■ What the task asks
How do the lines below between the ones holding "Цвет #7F64EB в" and "40 cm Eiropas", inclusive, read? Give them again exactly, with no other lines.

■ Extracted material
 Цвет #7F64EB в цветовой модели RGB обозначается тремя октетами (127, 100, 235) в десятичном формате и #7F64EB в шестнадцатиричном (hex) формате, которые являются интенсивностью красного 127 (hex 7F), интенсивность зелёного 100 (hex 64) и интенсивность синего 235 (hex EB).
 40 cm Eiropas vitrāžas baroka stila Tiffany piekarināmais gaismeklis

---

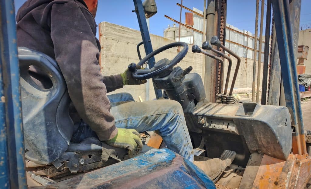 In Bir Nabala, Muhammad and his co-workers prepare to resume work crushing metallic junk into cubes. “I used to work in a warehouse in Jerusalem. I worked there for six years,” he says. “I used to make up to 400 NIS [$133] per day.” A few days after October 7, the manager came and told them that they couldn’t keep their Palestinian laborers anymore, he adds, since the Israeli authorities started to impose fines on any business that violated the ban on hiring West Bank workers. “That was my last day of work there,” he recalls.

* * *

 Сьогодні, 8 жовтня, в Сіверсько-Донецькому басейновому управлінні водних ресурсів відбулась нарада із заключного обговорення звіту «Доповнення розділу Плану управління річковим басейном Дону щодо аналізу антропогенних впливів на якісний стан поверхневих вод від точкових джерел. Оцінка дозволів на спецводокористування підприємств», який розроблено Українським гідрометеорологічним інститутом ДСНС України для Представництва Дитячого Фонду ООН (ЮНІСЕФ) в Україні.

■ Your solution
 Цвет #7F64EB в цветовой модели RGB обозначается тремя октетами (127, 100, 235) в десятичном формате и #7F64EB в шестнадцатиричном (hex) формате, которые являются интенсивностью красного 127 (hex 7F), интенсивность зелёного 100 (hex 64) и интенсивность синего 235 (hex EB).
 40 cm Eiropas vitrāžas baroka stila Tiffany piekarināmais gaismeklis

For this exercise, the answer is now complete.